Manager Charlie Montoyo described Guerrero admitting a mistake at the time as an important first step. But promising to make changes is one thing, following through on them is another.

“He did it,” said Montoyo, “and he looks really good.”

Rowdy Tellez, who trimmed down a burly frame like Guerrero last spring, saw the changes last summer and over the winter during check-ins at the complex in Dunedin, Fla., praising his fellow first baseman for working, “really, really hard.”

“For the player that he is, the hype that surrounds him, it’s tough to sit there and look at yourself and take that in and he did. That’s really mature,” Tellez said. “You can even see it in the way he moves, the way he talks, everything he does, mannerisms. He is very happy and very excited for the season because of the changes he's made. A Vlad that can be happy and excited and healthy and ready to move could be one of the most dangerous players in baseball.”

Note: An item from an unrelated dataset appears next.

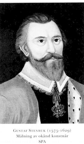 Gustaf Stenbu[c]k: RR 1603, f 59 v, o 1617, p 370 o 927, Skriva- till Konungen: Gustaf II Adolfs tid, vol 32, Anglica, vol 531, Hollandica, vol 1, Muscovitica, vol 26-27, Biographica, vol C:l, Västergötlands handhar 1609: 4 B, f 115, Red:koll:s arkiv F I: 327, f 32, E 734 (skriv:r UU Axel Oxenstierna), 1073 (d:o till Gabriel Gustafsson Oxenstierna), 3221 (skriv:r till Hans Clas-son [Bielkenstierna]) 26 okt 1603, 3610 (skriv:r till D v Falkenberg), 3658 (S:ska familjepapper), 8131 (skriv:r ull Magnus Brahe), 8133 (d:o till Abraham Brahe), 8148 (d:o till Per Brahe dy) o 8853 (orig:brev från märkvärdiga personer) samt Ericsbergsarkivets autografsaml, RA; X 240: 12 okt 1603 o 8 juni 1613, UUB; N Ahnlund, Peder Galts depescher 1622-24 (HH 26:1, 1920); dens, Axel Oxenstierna intill Gustav Adolfs död (1940); H Almquist, Gbgs hist, 1-2 (1929-35); J E Almquist, a a:n 1955, 1960 o 1961; dens, Dalslands säterier år 1622 jämte deras innehavare (SoH 1961); Anjou; AOSB 1:1-2, 2:1, 2:3 o 2:5 (1888-96); Bensow, a a; T Berg, a a 1927; densjohan Skytte (1920); W Berg, Samkar till Gbgs hist (1882); dens, a a 1904, s 234 o 254; R Björkman, Det nya Jönköping (Jönköpings hist, 2, 1918), s 12 o 24; Brahe, a a; Broomé; Broomé, a a:n; dens, Olof Stråle o Älvsborgs kapitulation (Hist studier tillägn Nils Ahnlund, 1949), s 121; E Brännman, Frälseköpen under Gustaf II Adolfs regering (1950); A Cronholm, Sveriges hist under Gustaf II Adolfs regering, 5:1 (1871), s 187-195; Danmark-Norges traktater, 3 (1916); Fors-grén, a a, s 107, 143, XXXVI o XXXVIII; Fortifik, 1; Frälseg, 1:2, 3:1-2 o 4:2-3 (1931-76); H Fröding, Berättelser ur Gbgs äldsta hist (1908), s 3; Gbgs eskader o örlogsstation 1523-1870 (1949); G Gezelii biographiska lexicon, 3 (1780); E Hildebrand, Rid-darholmen (Utredn:ar rör statens mark o tomter i Sthlm, 1, 1910), s 3 o 49; O Jägerskiöld, Torsjöarkivet (Donum Boéthianum 1950), s 159 ff; Kammarkolks prot, 1 (1934); C A Klingspor, Sveriges adel under 1600-1700-talen, 2 (1877); Lags o doms; Leijonhuf-vud, a a; Lokalf; Lossius, a a; Luthander, a a, s 82 f, 85 f o 96; Mannerfelt, a a; A Norberg, Polen i sv politik 1617-26 (1974); Nya Lödöse tänkeböcker; Palme, a a 1942; Petersson, a a; F Rudelius, Kalmar reg:s chefer 1623-1907 (1908), s 150; Samuelson, a a, s 293; O Siren, Gamla sthlmshus, 1 (1912); SMoK; SPA; Sprinchorn, a a, s 150 f o 153; SRP 1-2 (1878-80); ST 5:1 (1903), s 213, 219 o 223; STb från år 1592, 5, 6, 8-11, 13 o 16 (1959-94); C M S[tenbock], Schering Rosenhanes "Hortus Regius" (PHT 1909); R Stenbock, Torpa (1925), s 28-31; Stiernman, a a; Swed-lund, a a, s 36; Tegnér, a a; Tham, a a; B Thyresson, Sverige o det protestantiska Europa från Knäredfre-den till Rigas erövring (1928), s 29; S Tommos, The Diplomatica collection in the Swedish National Archives (1980); Ur Abraham Brahes Tidebok (Fören Gamla Halmstads årsb 1935), s 237; Ur o om S:ska ar-chivet på Thorsjö, (Läsn för bildn o nöje, 2, 1848); s 191; J Wangö, Knäred i gången tid (1974), s 41; S Welin, Öresten (VFT 2:2-3,1903), s 14; Werwing, a a, 2; A Westman, Besök af k personer o högtidligheter med anledn af vissa bemärkelsedagar (Fören Gamla Halmstads årsb 1928), s 24; Westlund, a a 1942, s 14 ff, 24 f o 31; G Wetterberg, Kanslern Axel Oxenstierna i sin tid (2002); H Wideen, Kungshuset (Skara, 1, 1986) ;J Widekindi, Thet sw i Ryssland tijo åhrs krijgz- historie (1671), s 911 o 913; dens, Then fordom stor-mächtigste... Gustaff Adolphs... hist (1691); G Witt-rock, Gustav II Adolf (Sveriges hist till våra dagar, 6, 1927), s 34; F U Wrangel, Sthlmiana, 1-4 (1912); Äldre handkar ang Vestergötland, (VFT 2: 2-3, 1903) s 116 f; F Ödberg, Om vestgöta-adelsmannen Tord Bonde (d:o),s32.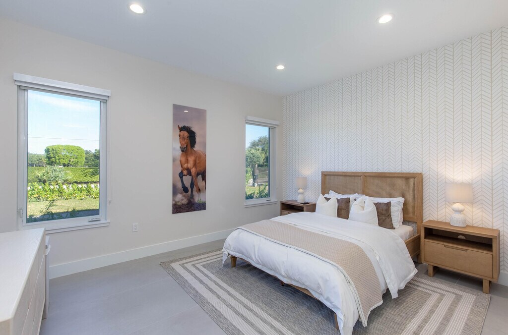Exquisite seasonal lease in the coveted Saddle Trail neighborhood of Wellington. Modern,4-bed,4-bath residence crafted for comfort and convenience,with an expansive open-concept living area and high-end finishes. Each bedroom is large with its own en-suite bathroom. Gourmet kitchen featuring premium appliances,custom cabinetry,and a large islandperfect for entertaining. State of the art brand new 10 stall barn with a tack room,wash racks,feed room,5 paddocks,and a lounge,all designed for top-tier horse care. Easy hackable access to the horse show,with many riding trails for days off makes for the perfect seasonal retreat! Entire property offered at $45,000 per month. MLS ID R11146505

The Blue Jays saw evidence of that over the course of the season, which Guerrero began with unstable hacks like the one from opening day against Charlie Morton of the Tampa Bay Rays below, and finished with the stable aggression of swings like the one against Keegan Akin of the Baltimore Orioles from the regular-season finale swing beneath.

Even as he was the only Blue Jays player to appear in all 60 games last season, Guerrero confessed to feeling slow on the bases and defensively, saying he’d “feel a lot of fatigue after 10 ground balls” and that he couldn’t “trust my legs.”

“I wasn’t getting there,” he continued. “I wasn’t getting to the groundballs. And, of course, at the plate, sometimes I couldn't stay back enough on the ball.”

His off-season workouts, documented through his Instagram posts, were designed to address his quickness, strength, agility, balance, endurance – all the stuff needed to excel through the grind of 162.

It’s that training that allows the possibility of third base to even be a talking point this spring.

Montoyo revealed that, as part of their spring player meetings Wednesday, he and GM Ross Atkins told Guerrero to “become a Gold Glover first baseman,” adding that he’d get some reps at third base and they’d see how it goes.

A reasonable question to ask is why bother, given that, to improve the club’s overall defence, it may make more sense to have Guerrero be the jack of one defensive trade than risk him being the master of none he was last year.

But the Blue Jays, as you might have noticed, love their versatility and Montoyo made a fair point when he said, “you can only play nine guys, I want to have options because there are a lot of guys who deserve to play.”

“My first baseman is Vlad Guerrero and my third baseman is Cavan Biggio,” added Montoyo. “But if we’re facing a tough lefty and I’m looking to get Biggio a day off, then Vladdy can play third, Gurriel can come to first. I’ve got more options like that. And that’s the whole point of these guys getting reps in a lot of different spots. But I want Vlad to become the best third baseman he can become and Biggio the best third baseman he can become, and the only way they can do that is getting many reps in those spots.”

That Guerrero is ready for them is only part of story. The change in mentality that got him there is what really matters, and as long as it’s a lasting one, few off-season developments will have as lasting an impact on the Blue Jays.

“I prepared myself mentally, regardless,” Guerrero said of his defensive positioning. “If I'm going to play third base, I've got to get better, so I'll be ready. If I'm going to play first base, I know I've got to go out there and get better. That's the way I prepared for this year. I know I'm going to have my shots. I'm going to play third. I'm going to play first. I've got to keep working very, very hard every day on those two positions.”